→ **Records for processing**
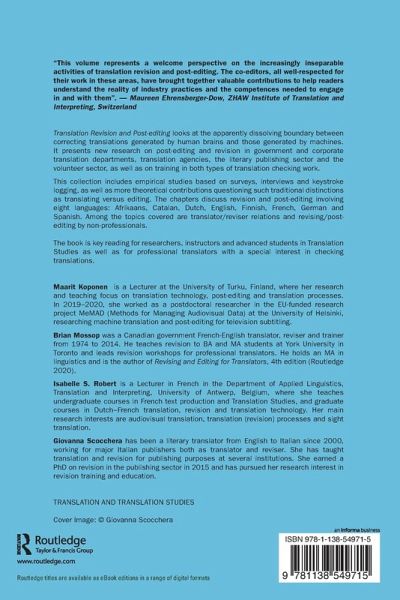Maarit Koponen is a Lecturer at the University of Turku, Finland, where her research and teaching focus on translation technology, post-editing and translation processes. In 2019-2020, she worked as a postdoctoral researcher in the EU-funded research project MeMAD (Methods for Managing Audiovisual Data) at the University of Helsinki, researching machine translation and post-editing for television subtitling. Brian Mossop was a Canadian government French-English translator, reviser and trainer from 1974 to 2014. He teaches revision to BA and MA students at York University in Toronto and leads revision workshops for professional translators. He holds an MA in linguistics and is the author of Revising and Editing for Translators, 4th edition (Routledge 2020). Isabelle S. Robert is a Lecturer in French in the Department of Applied Linguistics, Translation and Interpreting, University of Antwerp, Belgium, where she teaches undergraduate courses in French text production and Translation Studies, and graduate courses in Dutch-French translation, revision and translation technology. Her main research interests are audiovisual translation, translation (revision) processes and sight translation. Giovanna Scocchera has been a literary translator from English to Italian since 2000, working for major Italian publishers both as translator and reviser. She has taught translation and revision for publishing purposes at several institutions. She earned a PhD on revision in the publishing sector in 2015 and has pursued her research interest in revision training and education.
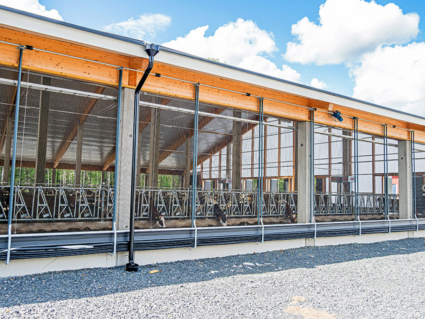 – Valoharja, alas asti ulottuvat valopäädyt ja verhoseinät tekevät uudesta navetasta valoisan. Kun katto on korkealla, sisäilma pysyy hyvänä. Se parantaa merkittävästi eläinten hyvinvointia ja tekee omasta työstä miellyttävämpää, yrittäjät toteavat.
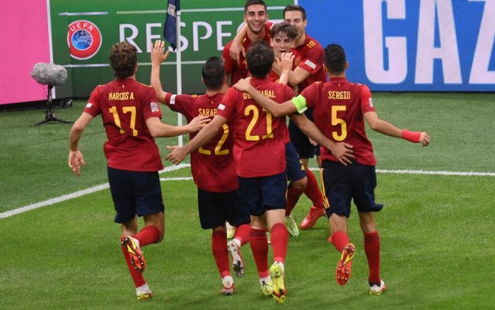 Un falso ‘9’ que hizo su función a las mil maravillas y se convirtió en el arquitecto de los dos goles de España en la primera mitad. El que abrió la cuenta fue una obra de arte que culminó, de primeras, el jugador del Manchester City. Ferran Torres, que sigue con su idilio con el gol cuando viste la camiseta nacional y no falló con un remate casi acrobático.
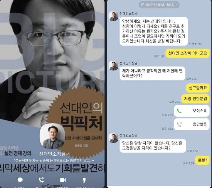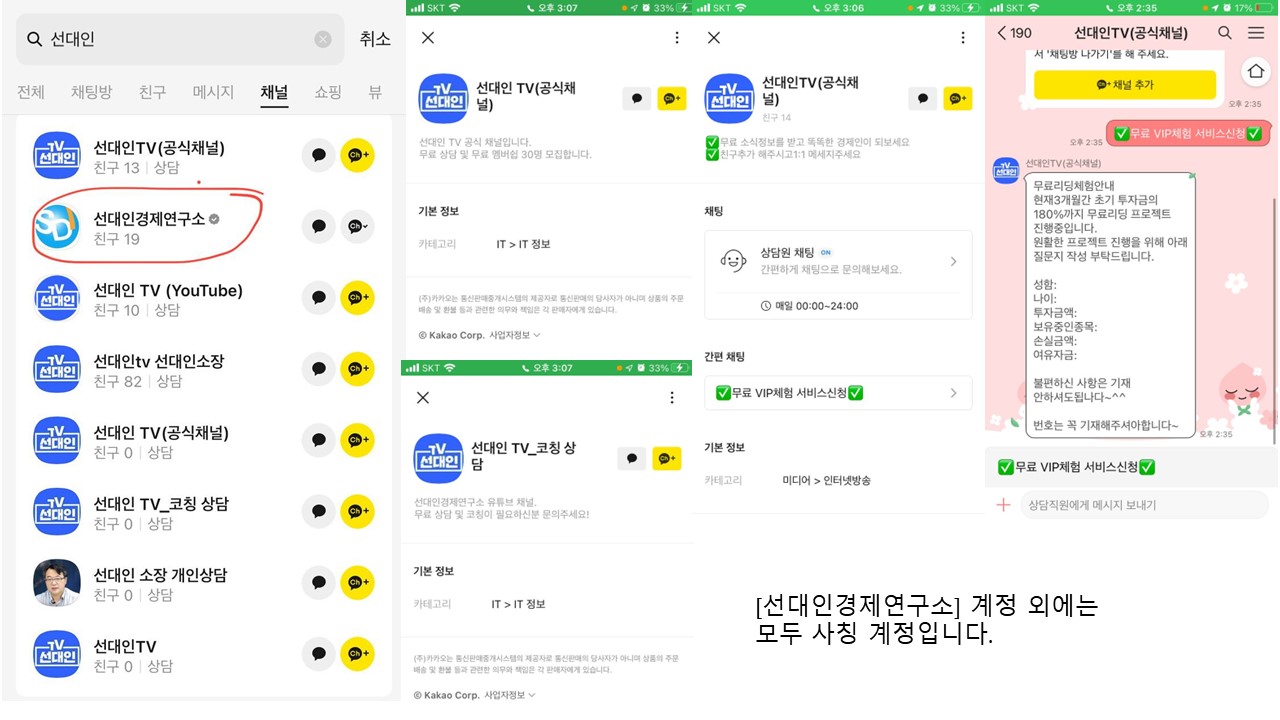 저희 연구소는 구독회원들을 위해 보고서를 발간하는 한편 구독회원들과 소통하기 위한 비공개 텔레그램 채널 외에는 별도로 운영하는 계정이 없을 뿐만 아니라 절대 별도의 투자 상담을 진행하거나 리딩을 하지 않습니다. 그러니 선대인경제연구소 회원 및 선대인TV 구독자분들께서는 유념하시고, 피해자가 생기지 않도록 주변 지인들께도 꼭 알려주십시오. 마찬가지로 박순혁이사님을 사칭하는 계정도 많은 모양인데, 절대로 박이사님도 별도로 그런 계정을 운영하지 않는다는 점을 아울러 알려드립니다. 이들에 대해서는 저희가 필요한 법적 조치를 취할 계획입니다. 또한 여러분들께서도 이런 계정을 발견한다면 저희 연구소로 제보해 주시기 바랍니다. 감사합니다.
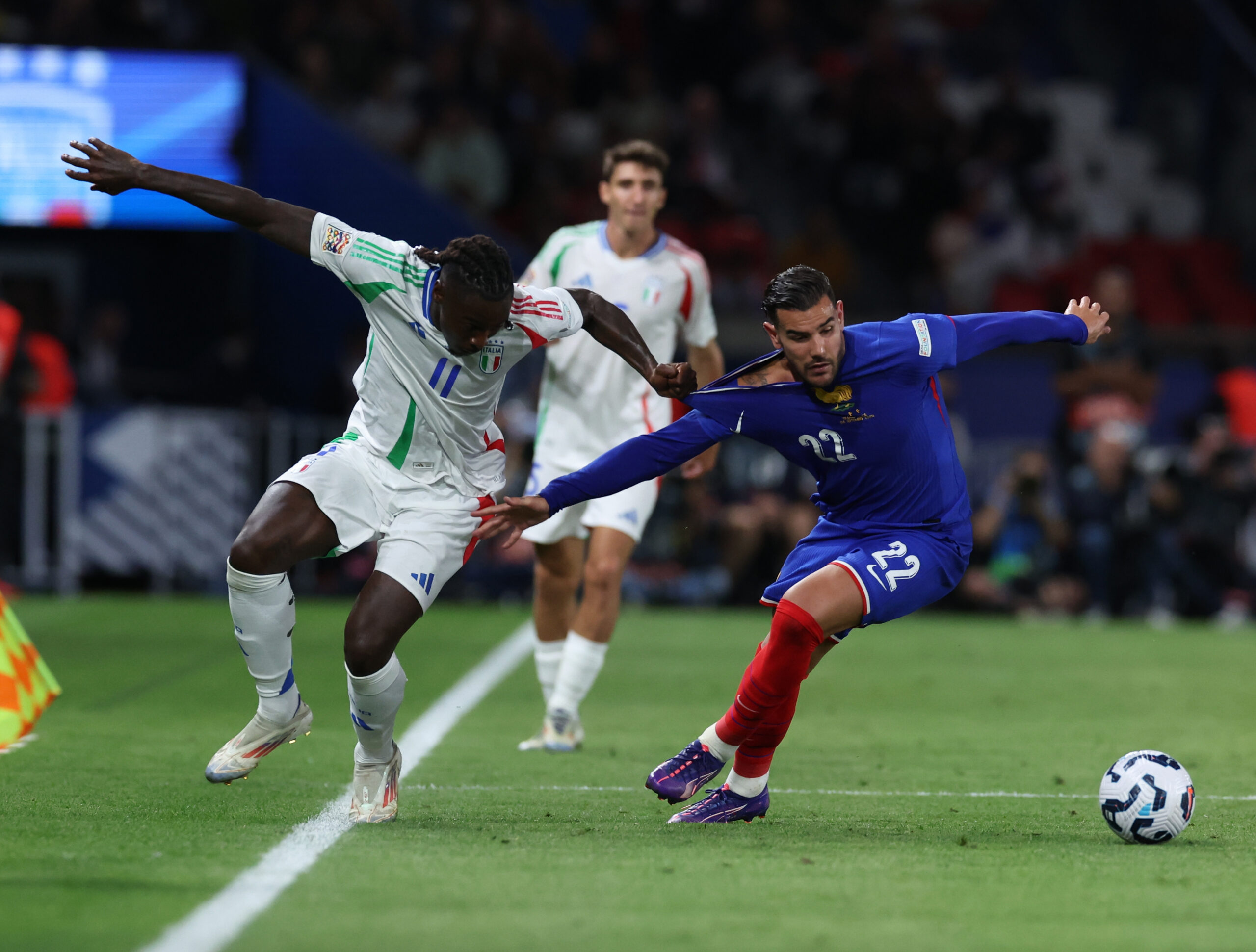PARIS, FRANCE - SEPTEMBER 06: Moise Kean of Italy competes for the ball with Theo Hernandez of France during the UEFA Nations League 2024/25 League A Group A2 match between France and Italy at Parc des Princes stadium on September 06, 2024 in Paris, France. (Photo by Claudio Villa/Getty Images)
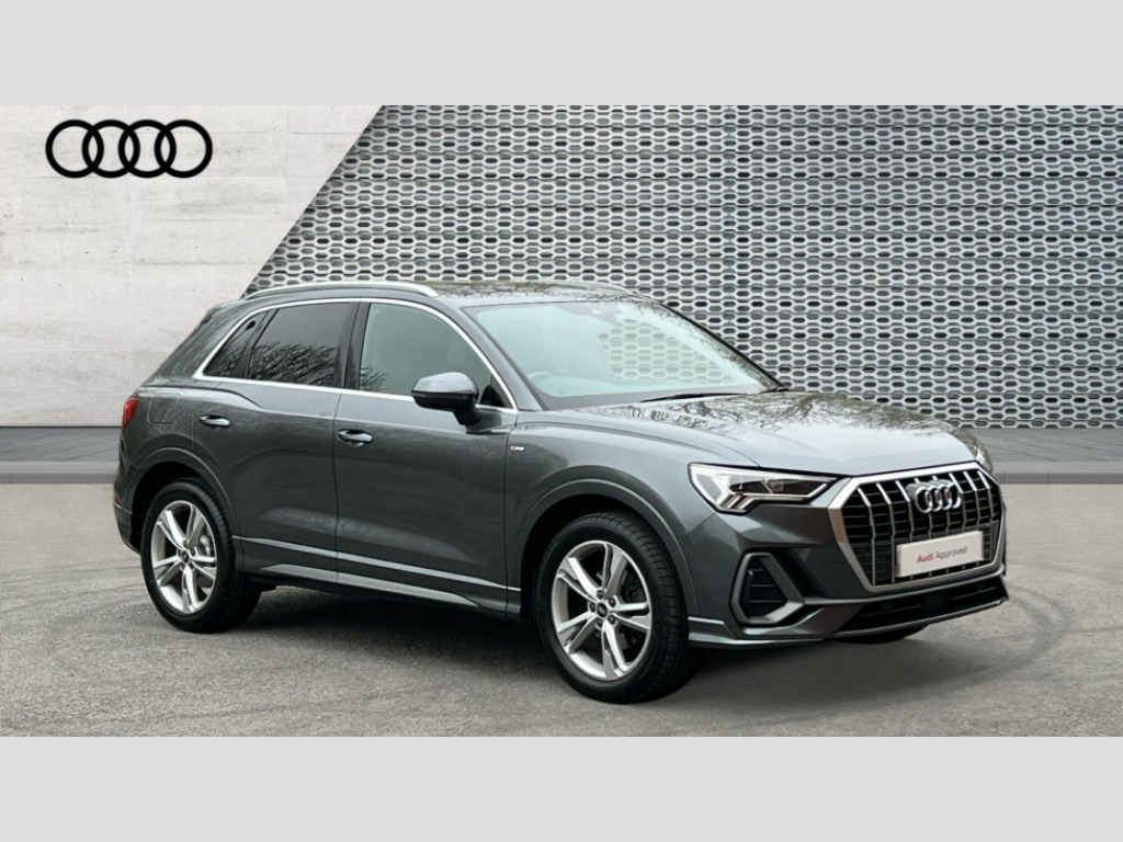 Audi Q3 35 TFSI S Line 5dr Amazon alexa Integration, Audi connect safety and service (e-call), Audi drive select, Audi lane departure warning, Audi smartphone interface includes wireless Apple carplay/Android Auto, Audi Virtual Cockpit - 10.25" display, Bluetooth interface, Camera based traffic sign recognition, Cruise control + speed limiter, MMI Navigation Plus with high resolution 10.1 inch touchscreen colour display, Power operated tailgate, Progressive steering, Rear parking sensors, Service interval indicator, Start stop system with recuperation, Voice control system with natural language interaction, Sports suspension, 2 USB-C ports with charge and data functions, 6 passive loudspeakers, DAB digital radio module, Acoustic windscreen, Aluminium roof rails, Aluminium window trim, Auto dimming frameless rear view mirror, Body coloured bumpers, Electrically folding, adjustable and heated door mirrors with integrated LED side indicators and kerb view function for passenger side, Front and rear electric windows, Front fog lights, Front side air inlets in matt platinum grey, Front spoiler blade in matt platinum grey, Grille vertical bars in aluminium silver/Matt, High gloss black finish B and C pillars, LED headlights with LED daytime running lights and dynamic rear indicator, LED rear lights, Privacy glass dark tinted rear and rear-side windows (from B-pillar backwards), Rain and light sensors, Rear diffuser strip in matt titanium black, Rear side wing doors, Rear wiper, S line badges on front wings, S Line front and rear bumpers, Side skirt insert in matt Platinium grey, Silver chrome grille surround, Third brake light, Tinted rear windows, Titanium black radiator grille, Variable front intermittent wipers, 12V socket in rear centre console, 3 seat bench in 2nd row, 40:20:40 folding with manual adjustment for 60:40 forwards/backwards position and backrest angle, Adjustable rear seat bench/backrest with centre armrest and cupholder, Black cloth headlining, Dual zone electronic climate control, Front and rear black floor mats with contrast stitching in rock grey, Front and rear headrests, Front and rear roof module including reading lights, Front centre armrest, Glove compartment lighting, Height and reach adjustable steering wheel, Illuminated door sill trims with S logo, ISOFIX child seat mounting for front passenger with airbag deactivation and outer rear seat including top tether attachment point for outer rear seats, Luggage compartment light, Manual front seats with height adjustment, Perforated leather gearknob, Single front passenger seat, Stainless steel luggage compartment sill finisher, Stainless steel pedals, Non smoking pack - Q3, 3x3 point rear seatbelts, 6 airbags - Driver, front passenger, curtain and side windows, Audi pre-sense front with pedestrain and cyclist recognition, Electrically operated child locks on rear doors, Electromechanical parking brake, Electronic stabilisation control including ABS, ASR and EDL, Front seatbelt reminder, Hill descent control, Hill hold assist, Pre sense basic, Seatbelt monitoring, Tyre pressure warning, Warning triangle and first aid kit, Anti theft alarm, Anti theft wheel bolts, Immobiliser, Remote central locking, Dark matt brushed aluminium inlay, Detail dashboard around MMI touch colour display in glass look, black with surround in aluminium look, Leatherette door armrest
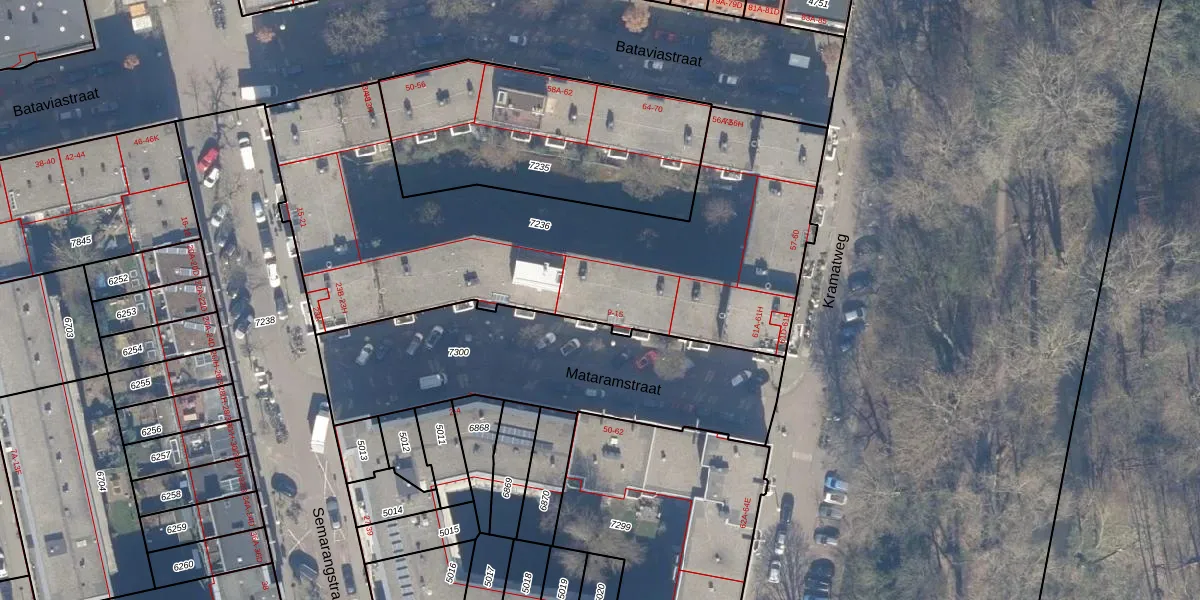 Het perceel waarop Mataramstraat 11-B staat heeft een oppervlakte van 2418 m². Dit is een zeer groot perceel. De perceeloppervlakte wordt geregistreerd door het Kadaster. Gedetailleerde informatie over de maten van dit perceel kunt u vinden in het rapport Kadastrale kaart met maatvoering van Mataramstraat 11-B.
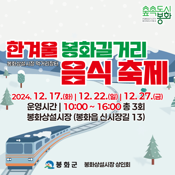 | 1238 | 2024년 봉화 상설시장 먹거리장터 운영안내 | 송대익 | 2024.12.09 | ![]() ![]() ![]() ![]() ![]() | 120 |
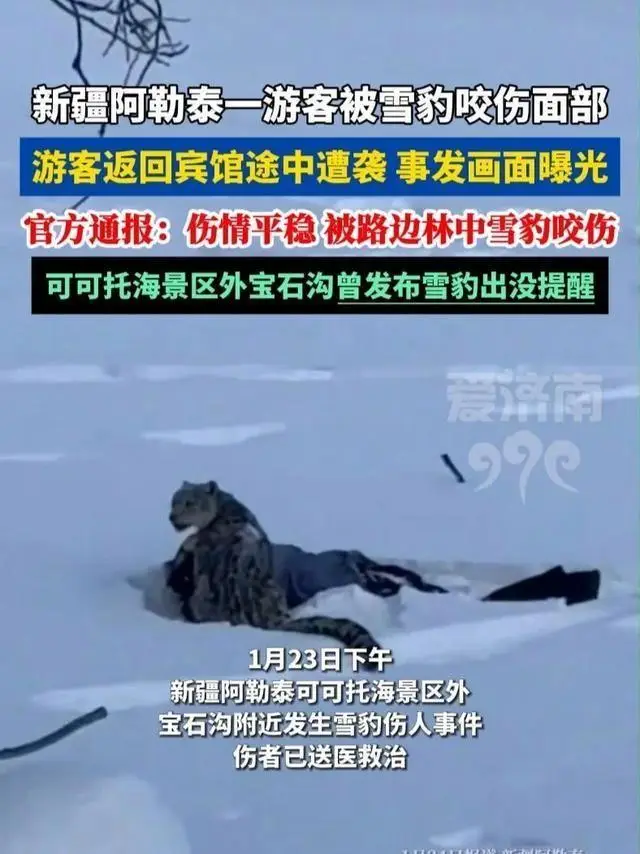 深雪没过了大腿,导致跑不动,关于雪豹主动袭击的这种说法,使得不少网友对伤者表达出同情,甚至还有人去质疑雪豹为什么会出现在含有人类活动的区域。刹那间,“雪山之王野性难驯”“游客遭遇无妄之灾”这样的声音占据了舆论的主流位置,和此相关的话题阅读量在短短几个小时之内突破了一亿,可可托海景区也被推到了风口浪尖之上。
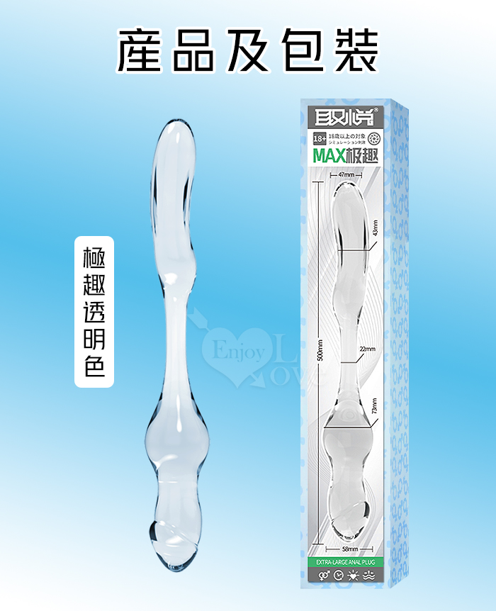 取悅 ‧ MAX極趣!XXL巨大型雙頭水晶按摩棒-前陰後庭/男女皆適用﹝透明色﹞

→ **Exercise instructions**
For each record, return its text exactly and leave any picture out.

→ **Output of the exercise**
Maarit Koponen is a Lecturer at the University of Turku, Finland, where her research and teaching focus on translation technology, post-editing and translation processes. In 2019-2020, she worked as a postdoctoral researcher in the EU-funded research project MeMAD (Methods for Managing Audiovisual Data) at the University of Helsinki, researching machine translation and post-editing for television subtitling. Brian Mossop was a Canadian government French-English translator, reviser and trainer from 1974 to 2014. He teaches revision to BA and MA students at York University in Toronto and leads revision workshops for professional translators. He holds an MA in linguistics and is the author of Revising and Editing for Translators, 4th edition (Routledge 2020). Isabelle S. Robert is a Lecturer in French in the Department of Applied Linguistics, Translation and Interpreting, University of Antwerp, Belgium, where she teaches undergraduate courses in French text production and Translation Studies, and graduate courses in Dutch-French translation, revision and translation technology. Her main research interests are audiovisual translation, translation (revision) processes and sight translation. Giovanna Scocchera has been a literary translator from English to Italian since 2000, working for major Italian publishers both as translator and reviser. She has taught translation and revision for publishing purposes at several institutions. She earned a PhD on revision in the publishing sector in 2015 and has pursued her research interest in revision training and education.
 – Valoharja, alas asti ulottuvat valopäädyt ja verhoseinät tekevät uudesta navetasta valoisan. Kun katto on korkealla, sisäilma pysyy hyvänä. Se parantaa merkittävästi eläinten hyvinvointia ja tekee omasta työstä miellyttävämpää, yrittäjät toteavat.
 Un falso ‘9’ que hizo su función a las mil maravillas y se convirtió en el arquitecto de los dos goles de España en la primera mitad. El que abrió la cuenta fue una obra de arte que culminó, de primeras, el jugador del Manchester City. Ferran Torres, que sigue con su idilio con el gol cuando viste la camiseta nacional y no falló con un remate casi acrobático.
 저희 연구소는 구독회원들을 위해 보고서를 발간하는 한편 구독회원들과 소통하기 위한 비공개 텔레그램 채널 외에는 별도로 운영하는 계정이 없을 뿐만 아니라 절대 별도의 투자 상담을 진행하거나 리딩을 하지 않습니다. 그러니 선대인경제연구소 회원 및 선대인TV 구독자분들께서는 유념하시고, 피해자가 생기지 않도록 주변 지인들께도 꼭 알려주십시오. 마찬가지로 박순혁이사님을 사칭하는 계정도 많은 모양인데, 절대로 박이사님도 별도로 그런 계정을 운영하지 않는다는 점을 아울러 알려드립니다. 이들에 대해서는 저희가 필요한 법적 조치를 취할 계획입니다. 또한 여러분들께서도 이런 계정을 발견한다면 저희 연구소로 제보해 주시기 바랍니다. 감사합니다.
PARIS, FRANCE - SEPTEMBER 06: Moise Kean of Italy competes for the ball with Theo Hernandez of France during the UEFA Nations League 2024/25 League A Group A2 match between France and Italy at Parc des Princes stadium on September 06, 2024 in Paris, France. (Photo by Claudio Villa/Getty Images)
 Audi Q3 35 TFSI S Line 5dr Amazon alexa Integration, Audi connect safety and service (e-call), Audi drive select, Audi lane departure warning, Audi smartphone interface includes wireless Apple carplay/Android Auto, Audi Virtual Cockpit - 10.25" display, Bluetooth interface, Camera based traffic sign recognition, Cruise control + speed limiter, MMI Navigation Plus with high resolution 10.1 inch touchscreen colour display, Power operated tailgate, Progressive steering, Rear parking sensors, Service interval indicator, Start stop system with recuperation, Voice control system with natural language interaction, Sports suspension, 2 USB-C ports with charge and data functions, 6 passive loudspeakers, DAB digital radio module, Acoustic windscreen, Aluminium roof rails, Aluminium window trim, Auto dimming frameless rear view mirror, Body coloured bumpers, Electrically folding, adjustable and heated door mirrors with integrated LED side indicators and kerb view function for passenger side, Front and rear electric windows, Front fog lights, Front side air inlets in matt platinum grey, Front spoiler blade in matt platinum grey, Grille vertical bars in aluminium silver/Matt, High gloss black finish B and C pillars, LED headlights with LED daytime running lights and dynamic rear indicator, LED rear lights, Privacy glass dark tinted rear and rear-side windows (from B-pillar backwards), Rain and light sensors, Rear diffuser strip in matt titanium black, Rear side wing doors, Rear wiper, S line badges on front wings, S Line front and rear bumpers, Side skirt insert in matt Platinium grey, Silver chrome grille surround, Third brake light, Tinted rear windows, Titanium black radiator grille, Variable front intermittent wipers, 12V socket in rear centre console, 3 seat bench in 2nd row, 40:20:40 folding with manual adjustment for 60:40 forwards/backwards position and backrest angle, Adjustable rear seat bench/backrest with centre armrest and cupholder, Black cloth headlining, Dual zone electronic climate control, Front and rear black floor mats with contrast stitching in rock grey, Front and rear headrests, Front and rear roof module including reading lights, Front centre armrest, Glove compartment lighting, Height and reach adjustable steering wheel, Illuminated door sill trims with S logo, ISOFIX child seat mounting for front passenger with airbag deactivation and outer rear seat including top tether attachment point for outer rear seats, Luggage compartment light, Manual front seats with height adjustment, Perforated leather gearknob, Single front passenger seat, Stainless steel luggage compartment sill finisher, Stainless steel pedals, Non smoking pack - Q3, 3x3 point rear seatbelts, 6 airbags - Driver, front passenger, curtain and side windows, Audi pre-sense front with pedestrain and cyclist recognition, Electrically operated child locks on rear doors, Electromechanical parking brake, Electronic stabilisation control including ABS, ASR and EDL, Front seatbelt reminder, Hill descent control, Hill hold assist, Pre sense basic, Seatbelt monitoring, Tyre pressure warning, Warning triangle and first aid kit, Anti theft alarm, Anti theft wheel bolts, Immobiliser, Remote central locking, Dark matt brushed aluminium inlay, Detail dashboard around MMI touch colour display in glass look, black with surround in aluminium look, Leatherette door armrest
 Het perceel waarop Mataramstraat 11-B staat heeft een oppervlakte van 2418 m². Dit is een zeer groot perceel. De perceeloppervlakte wordt geregistreerd door het Kadaster. Gedetailleerde informatie over de maten van dit perceel kunt u vinden in het rapport Kadastrale kaart met maatvoering van Mataramstraat 11-B.
 | 1238 | 2024년 봉화 상설시장 먹거리장터 운영안내 | 송대익 | 2024.12.09 | ![]() ![]() ![]() ![]() ![]() | 120 |
 深雪没过了大腿,导致跑不动,关于雪豹主动袭击的这种说法,使得不少网友对伤者表达出同情,甚至还有人去质疑雪豹为什么会出现在含有人类活动的区域。刹那间,“雪山之王野性难驯”“游客遭遇无妄之灾”这样的声音占据了舆论的主流位置,和此相关的话题阅读量在短短几个小时之内突破了一亿,可可托海景区也被推到了风口浪尖之上。
 取悅 ‧ MAX極趣!XXL巨大型雙頭水晶按摩棒-前陰後庭/男女皆適用﹝透明色﹞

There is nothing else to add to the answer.